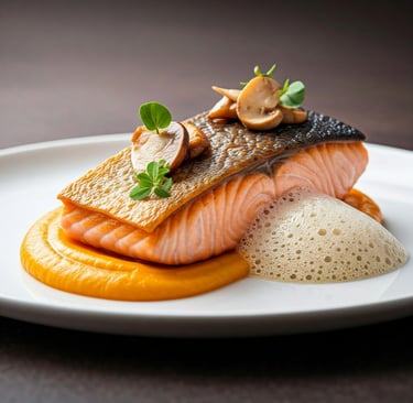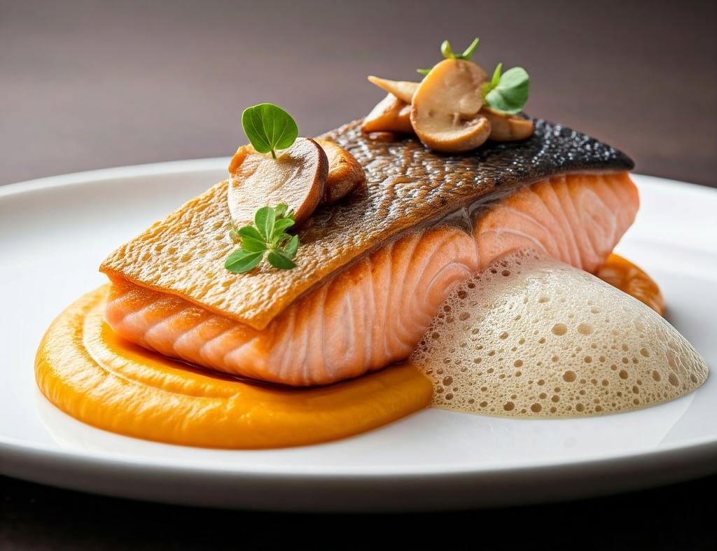 Salmão Selado com Purê de Abóbora e Espuma de Cogumelos
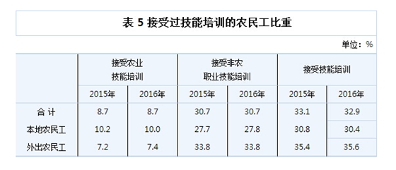 (四)接受過技能培訓(xùn)的農(nóng)民工比重小幅下降
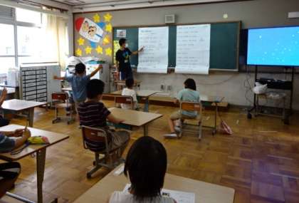 歌をみんなで歌います。先生も一緒になって,みんなで楽しく歌っています。思わず立ち上がり,体でリズムをとる子もいます。
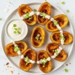 - Finish and Garnish: Top the melted potato skins with diced bacon, sliced green onions, and a drizzle of homemade ranch dressing. Serve warm and enjoy!
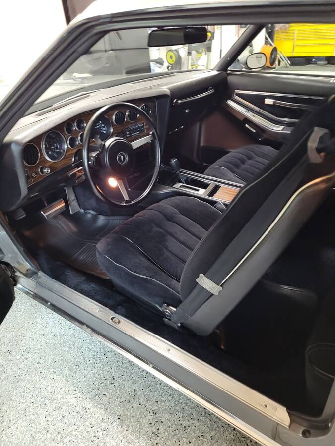 The Grand Prix is riding on 15×7 Pontiac Rally II wheels. The seller states that the car is rust free. The side windows appear to be tinted in this picture but I think that is just the sun. The other pictures show the car to look relatively stock. The seller says that the paint is driver quality and looks good. I personally own a 1977 Grand Prix and it is one of my favorite cars to drive.
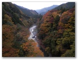 前日調べた天気予報では、上記の3サイトとも、晴れになっていました。夜が明けると、空がどんより曇っていましたが、電車に乗っているうちに晴れるだろうと、楽観しながら家を出ました。古里駅のプラットフォームに下り立つと、すでに8時だというのに、いやに暗い空。数馬峡橋から望む多摩川は、眠たそうな色の紅葉で彩られていました。でも、本格的な撮影機材を携えて橋の上から撮影している人も来ています。皆さん、天気予報を信じてきたのかな?
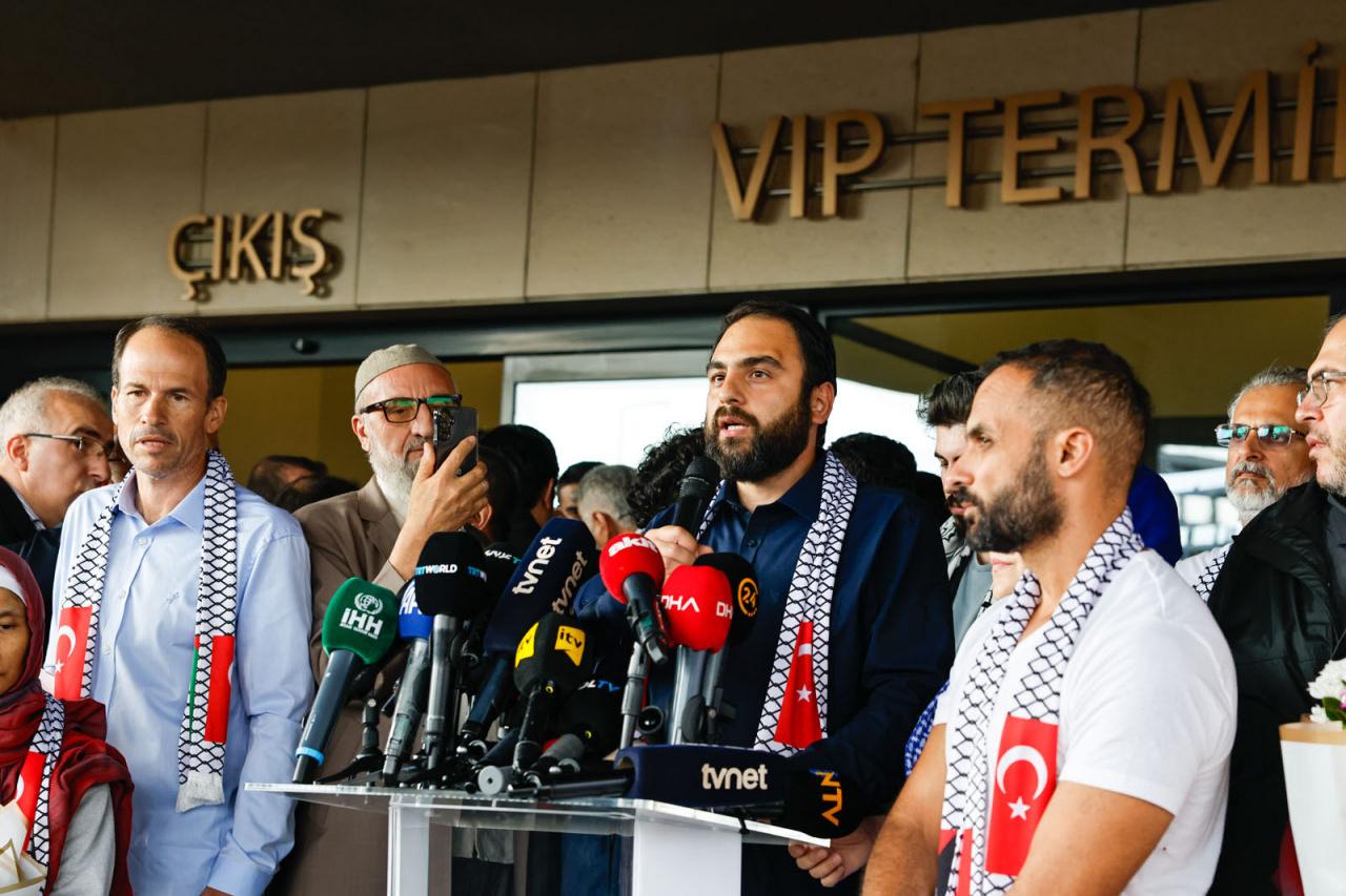 Burada yapılan basın açıklamasında konuşan Mavi Marmara Derneği Başkanı Beheşti İsmail Songür, aktivistlere teşekkür etti. Songür, “Arkadaşlarımız destansı bir mücadele verdiler. Fakat şunun bilinmesi gerekiyor, burada bulunan aktivistler dediler ki ‘Bizler kahraman değiliz, kahraman olan Gazze halkıdır. İnşallah ablukayı kıracak yeni dalgalar da yoldadır. Umuyoruz ki dünya vicdanı o sınırlara tekrardan dayanacak ve insani yardımlar Filistin’e ulaşacaktır. Bundan sonra bizim için bu filoların devamlılığı çok önemlidir” dedi.
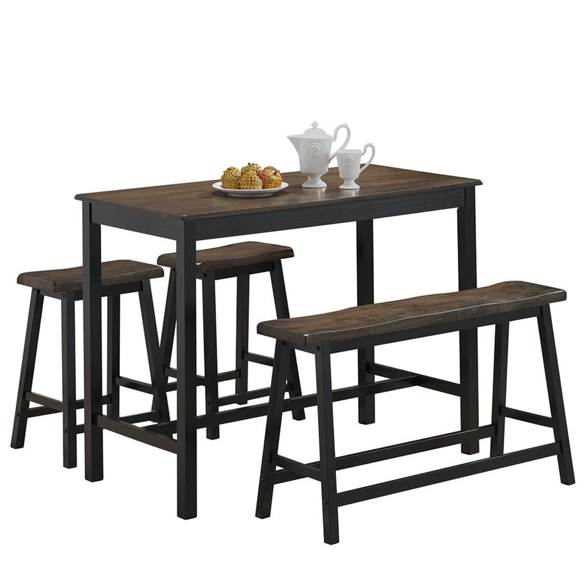 Costway 4 Pcs Solid Wood Counter Height Table Set w/ Height Bench & Two Saddle Stools
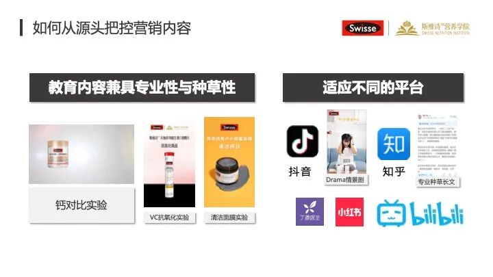 所以我可能每个媒体平台上面都会放钙片的实验内容,但是我可能讲话的方式、跟这个平台上面目标消费者沟通的方式会有所不同。这个是我们在整个内容开发,包括沟通到消费者这个过程当中非常重要的一个策略。
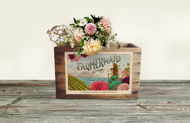 Courtney, the owner of Farmermaid Flowers, has been steadily growing her business and wanted a unique illustration to market her gorgeous flowers (that she grows herself, on her own farm). The goal was to create a timeless piece of art that relates back to the nostalgic labels that used to decorate farmer's crates. The end result is something she continues to use for marketing to grocers, farmer's markets, and connecting with her online community.
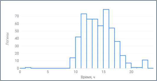 График Логины по часам показывает частоту входов пользователя в систему в различное время (часы):
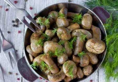 Накрываем емкость с грибочками пищевой пленкой и ставим в холодильник минимум на 6 часов. Через 6 часов получаем грибы из холодильника. Они приобрели приятный коричево-золотистый оттенок и полностью готовы к употреблению.
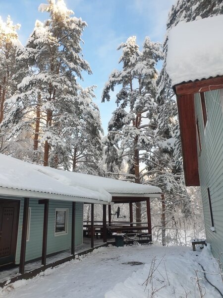 Вокруг коттеджей располагается лес, в котором можно собирать ягоды и грибы.
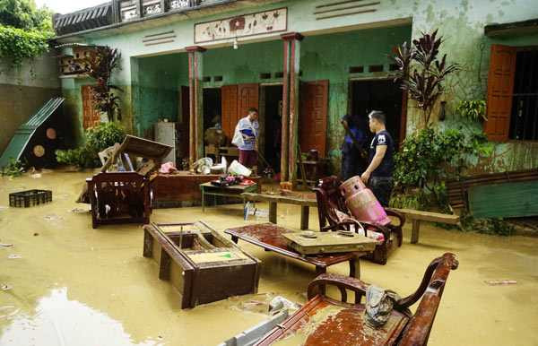 Hàng trăm hộ dân bị nước lũ tràn vào nhà. Ảnh: Báo Lào Cai
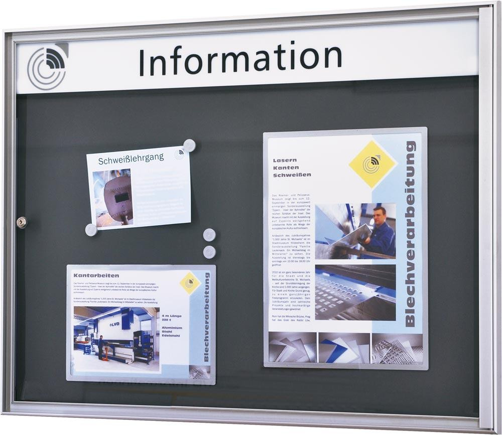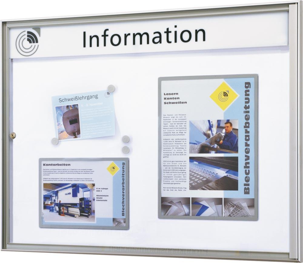 · Stabiler Schaukasten aus Aluminium-Profilen, silber eloxiert · Bautiefe 27 mm · Rahmenlose Einscheiben-Sicherheits-Ganzglasscheibe (ESG) · Eine umlaufende Dichtschnur schützt vor Staub · Öffnung mit Drehflügel seitlich nach rechts · Abschließbar · Entsprechen den Brandschutzbestimmungen B1 · Inkl. 10 Magnete grau und 1 Einstecktasche DIN A4 · Lieferung ohne Schriftleiste
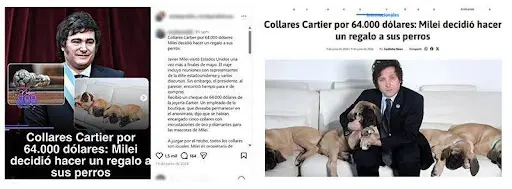Otra invención apuntó a la excentricidad del presidente. Los archivos indican la orden de “inyectar una noticia sobre Milei comprando 5 collares para perros de Cartier por valor de US$ 64 mil en EE.UU.”, replicada en redes y foros del exterior.

## Problem
Please print exactly the lines running from the line with "Courtney, the owner" through the final line of the material, and nothing more. Keep pictures out.

## Solution to this task
 Courtney, the owner of Farmermaid Flowers, has been steadily growing her business and wanted a unique illustration to market her gorgeous flowers (that she grows herself, on her own farm). The goal was to create a timeless piece of art that relates back to the nostalgic labels that used to decorate farmer's crates. The end result is something she continues to use for marketing to grocers, farmer's markets, and connecting with her online community.
 График Логины по часам показывает частоту входов пользователя в систему в различное время (часы):
 Накрываем емкость с грибочками пищевой пленкой и ставим в холодильник минимум на 6 часов. Через 6 часов получаем грибы из холодильника. Они приобрели приятный коричево-золотистый оттенок и полностью готовы к употреблению.
 Вокруг коттеджей располагается лес, в котором можно собирать ягоды и грибы.
 Hàng trăm hộ dân bị nước lũ tràn vào nhà. Ảnh: Báo Lào Cai
 · Stabiler Schaukasten aus Aluminium-Profilen, silber eloxiert · Bautiefe 27 mm · Rahmenlose Einscheiben-Sicherheits-Ganzglasscheibe (ESG) · Eine umlaufende Dichtschnur schützt vor Staub · Öffnung mit Drehflügel seitlich nach rechts · Abschließbar · Entsprechen den Brandschutzbestimmungen B1 · Inkl. 10 Magnete grau und 1 Einstecktasche DIN A4 · Lieferung ohne Schriftleiste
Otra invención apuntó a la excentricidad del presidente. Los archivos indican la orden de “inyectar una noticia sobre Milei comprando 5 collares para perros de Cartier por valor de US$ 64 mil en EE.UU.”, replicada en redes y foros del exterior.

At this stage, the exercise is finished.